Bought Mega Millions Tickets? Here’s What You Could Have Made If You Invested That Money Instead

A lucky ticket-holder won the record-breaking Mega Millions jackpot of about $1.6 billion in Tuesday night’s drawing, lottery officials said. The winning numbers — 5, 28, 62, 65, 70 and Mega Ball 5 — matched a ticket bought in South Carolina, according to Mega Millions official.

But that leaves plenty of lottery losers who won’t see a return on their Mega Millions investment. That’s money, many would argue, that could have been better invested.

Americans spend a lot of money playing the lottery. Approximately 370 million lottery tickets were sold between Saturday and Tuesday before the Mega Millions drawing, according to a lottery official. The U.S. generated nearly $73 billion in lottery sales in 2016 and CNN reports that in 2017, U.S. residents spent about $73.5 billion on tickets. The average American spends about $223.04 per year on lottery tickets, loan marketplace LendEDU found in a report that calculated its average by dividing the 2016 lottery revenue by the U.S. population (325.7 million).

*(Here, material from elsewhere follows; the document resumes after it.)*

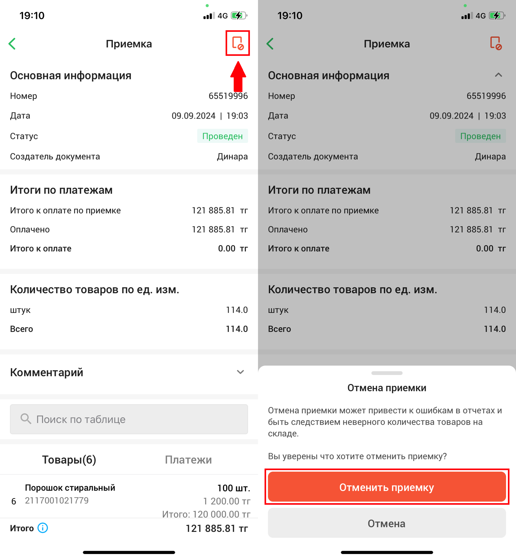 Откроется проведенный документ приемки с подробной информацией о приемке. Нажмите на кнопку “Отменить приемку” в правом верхнем углу экрана.

How much a person earns from the lottery depends on many factors, including the odds of the lottery and the number of tickets they bought. While a $2 lottery ticket could represent the chance for an instantaneous life of luxury, the chances of winning millions in a jackpot are pretty low. In fact, lottery officials in recent years changed the odds to lessen the chance of winning, leading to higher and higher jackpots like this Mega Millions.

But could investing the money that normally goes toward lottery tickets still make a person rich?

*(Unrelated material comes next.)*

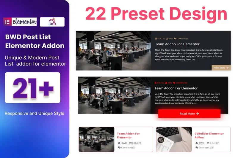 Blog Post List Addon For Elementor là một plugin WordPress nhẹ, tích hợp trên nền tảng Elementor, giúp bạn dễ dàng tạo ra các post list đẹp mắt mà không cần kỹ năng lập trình. Với 22 mẫu preset post list độc đáo, giao diện của bạn sẽ trở nên nổi bật và chuyên nghiệp. Đặc biệt, hơn 100+ thiết kế mới sẽ được cập nhật trong thời gian sắp tới, mở rộng tối đa khả năng tùy chỉnh cho website.

According to some financial experts, such a scenario is possible. Although it’s unlikely to make anyone a multi-millionaire, investing lottery ticket funds could yield tens to hundreds of thousands of dollars later in life. Jeanne Fisher, a senior financial advisor at ARGI and CFP Board ambassador, says putting the $223.04 a year that would normally go toward a lottery ticket into an S&P 500 index fund could give a person about $259,000 at the end of 50 years, assuming they get a 10% return, which has historically been the market average. Invest that money into a 30-year treasury note and earn back about $86,145 at the end of 50 years.

A person can even put the money into a CD, a savings account with an interest rate where you can deposit money for a predetermined amount of time, which is statistically much more likely to bring in more money than a lottery ticket, says Bill Wilson, a Wall Street veteran who spent more than 30 years in the financial services industry. If you put $18.59, or the average amount people spend monthly on lottery tickets, into a CD that pays a 2% return, you could earn about $1,174 in five years, Wilson says.

Of course, the buzz around the $1.6 billion Mega Millions jackpot led plenty of people to buy tickets even when they normally would use their money for other things. According to a 2016 Gallup poll, about half of Americans play lotteries in their state. Lottery tickets are also most frequently purchased among lower-income households. Households at the lowest-income bracket spend about $412 a year on lottery tickets, which is about four times the amount that highest-earning households say they spend, a 2018 Bankrate report finds.

Fisher said most Americans probably spend somewhere around $10 a year on lottery tickets when jackpots get bigger.

“The reason the lottery gets so much excitement is because the average American is willing to risk $2 for the chance of hundreds of millions of dollars,” she says. “This is a game, even if you know the chances of winning aren’t that high.”

Wilson concurs. A person can absolutely put their money in a diversified portfolio and earn an average of 7% on it every year, he says. “But there’s a degree of entertainment in purchasing a lottery ticket. It’s entertaining.”

Correction, Oct. 25.

The original version of this story misstated the name of the company ARGI. It is ARGI, not Agri.